Tenuta dell’Ugolino – Vigneto del Balluccio 2012  Verdicchio dei Castelli di Jesi Classico Superiore. Posso dire quasi senza paure che sia stata la sorpresa della serata. Vuoi perché quasi nessuno lo conosceva, vuoi perché questa bottiglia aveva tenuto perfettamente, con un naso carico di fiori freschi di acacia, presente anche in versione miele, mandorla, note di erbe aromatiche di timo e salvia, e la mandorla dolce a chiudere. Il sorso era corrispondente, elegante, dinamico, pieno di sapore e capace di evolvere nel bicchiere, senza scemare a contatto con l’aria, ma acquistando frutto e profondità. Grande esempio di come bere benissimo spendendo davvero pochissimo.

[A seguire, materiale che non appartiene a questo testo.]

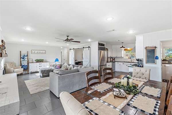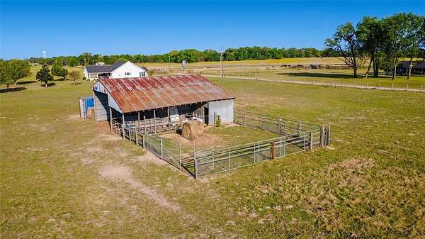 Welcome to your own slice of country living! This beautifully updated 3-bedroom, 3-bath home WITH an office offers the perfect blend of comfort, functionality, and true HOMESTEAD potential. Featuring two primary suites, the layout is ideal for multi-generational living or added flexibility for guests. Step inside to find thoughtful updates throughout, including a 2024 tankless water heater, an additional hall water heater, ceiling fans in every room, fresh paint, and a cozy wood-burning fireplace with hidden wood storage. The kitchen is well-equipped with a high-end oven with gas cooktop, refrigerator, and the laundry room offers built-in cabinetry for added convenience. A den AND living room to keep the kids well-entertained as well as the adults! Outside, the property is fully set up for country living with a full concrete driveway, covered attached two-car carport, and a combination of chain link and barbed wire fencing, along with partial electric fencing—ideal for a variety of animals including goats, horses, sheep, and more. The natural setting is highlighted by mature crepe myrtles, black walnut, and pine trees, adding both beauty and shade. Designed with functionality in mind, the land features multiple water access points throughout, making it well-suited for livestock or agricultural use. The 40x40 pole barn with power and water is positioned toward the back of the property, while the impressive 30x70 shop (30x50 enclosed) with electricity and two bay doors provides ample space for equipment, hobbies, or storage. Two additional sheds convey for even more utility. Enjoy peaceful country living surrounded by trees, pasture, and true East Texas beauty, with the added benefit of farm road accessibility and a corner tract location for easy access. Whether you’re looking to start a homestead or simply enjoy wide open space, this property is ready to meet your needs. Property is HS and Ag exempt!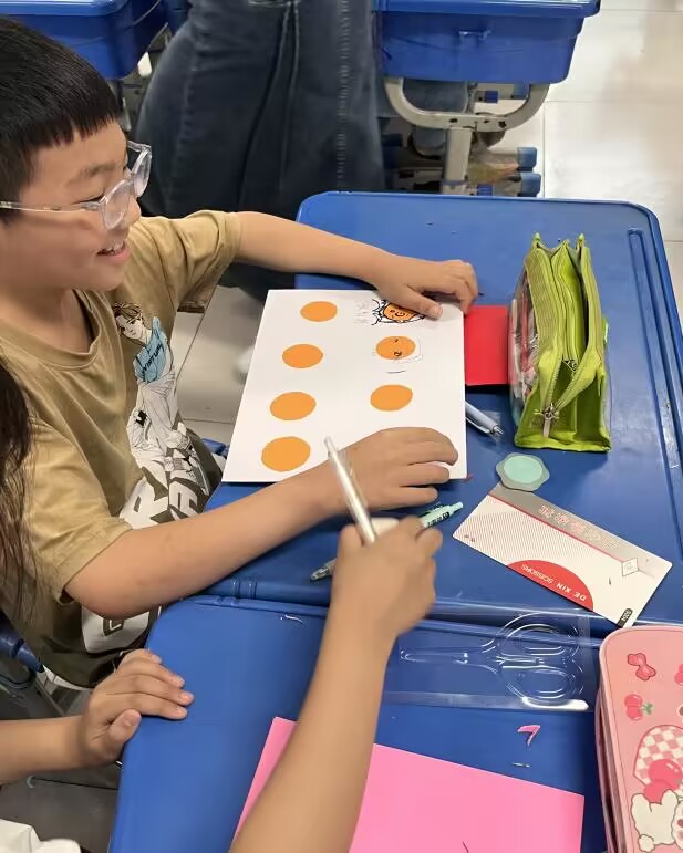 中华优秀传统文化源远流长、博大精深,非遗文化中的剪纸艺术作为中华优秀传统文化的精华部分和重要载体,是进行美育的重要抓手。活动首日,实践团队便开展了活动内容的第一项——有趣的剪纸课。团队成员首先进行了剪纸艺术相关理论知识的传授。“纸上得来终觉浅,绝知此事要躬行”,团队成员在理论知识讲解完毕后,便让孩子们发挥所想,剪出自己理想的图案。生动、有趣的课堂内容使得三年级的孩子们,充分领略到了非遗文化剪纸的独特魅力,并且掌握了基本的剪纸技法。为鼓励大家的积极性和对美术的喜爱,课堂上团队成员还举行了趣味签到和奖品鼓励等活动。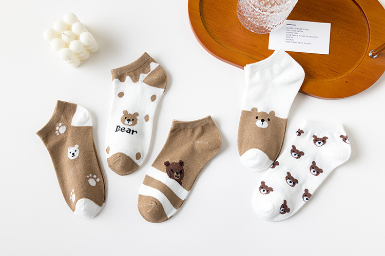 양말 새로운 레이스 사랑 만화 곰 양말 낮은 얇은 여성 보트 양말 캐주얼 폴리 에스터 면화 봄과 여름 양말 여성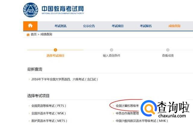 登录中国教育考试网,找到成绩查询这一项,点击“全国计算机等级考试”。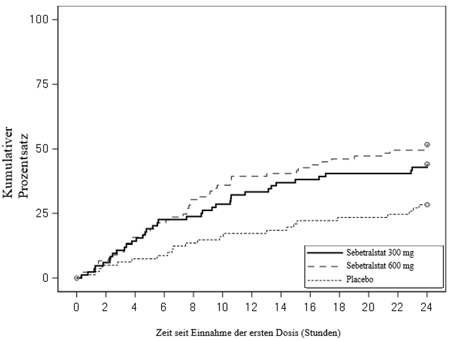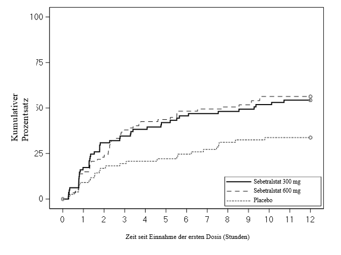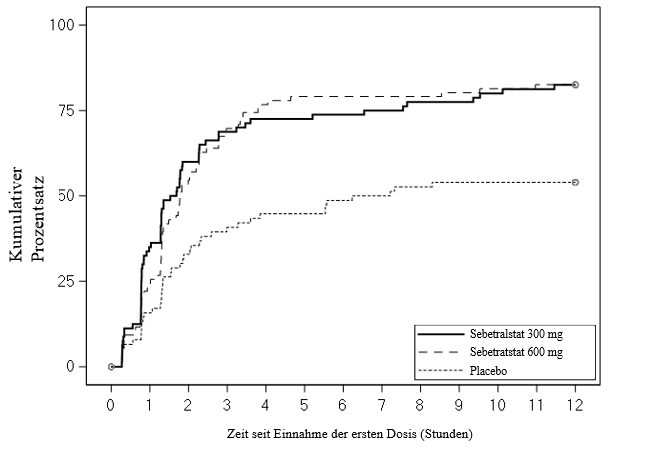 Die Zeit bis zum Einsetzen der Symptomlinderung war unter 300 mg Sebetralstat (Bonferroni-korrigiert p < 0,0001) und 600 mg Sebetratstat (Bonferroni-korrigiert p < 0,0013) statistisch signifikant kürzer als unter Placebo (Abbildung 1).

Garofoli – Podium 2012  Verdicchio dei Castelli di Jesi Classico Superiore. Altro vino centratissimo, che apre con sbuffi minerali quasi sulfurei, di focaia, accenti balsamici, la traccia inequivocabile della mandorla. In bocca ha calore e spinta, profondo e saporito, più largo che verticale, ma di bell’equilibrio nonostante giochi più di polpa che di nerbo. Innegabilmente un riferimento della tipologia (anche se non nei miei preferiti).

La Marca di San Michele – Il Pigro della Marca 2011 Marche Bianco. Bottiglia che all’acquisto pensai di lasciare riposare in cantina per integrare un legno che all’uscita mi pareva un po’ fuori dai ranghi. Gli anni hanno sistemato le cose ed oggi questo vino era qualcosa di molto godibile. Alla faccia dell’annata calda mantiene freschezza, succo agrumato, qualche inflessione di pasticceria e burro, ricordi minerali e nella dinamica del sorso che mi richiamano alla Borgogna, allo stile di quei vini. Forse si perde un po’ il varietale del verdicchio? Ebbene no, perché mantiene la nota di frutta secca nell’eco finale e nei profumi, e ripaga in bocca con quella fibra ormai riconoscibile dopo tante bottiglie bevute.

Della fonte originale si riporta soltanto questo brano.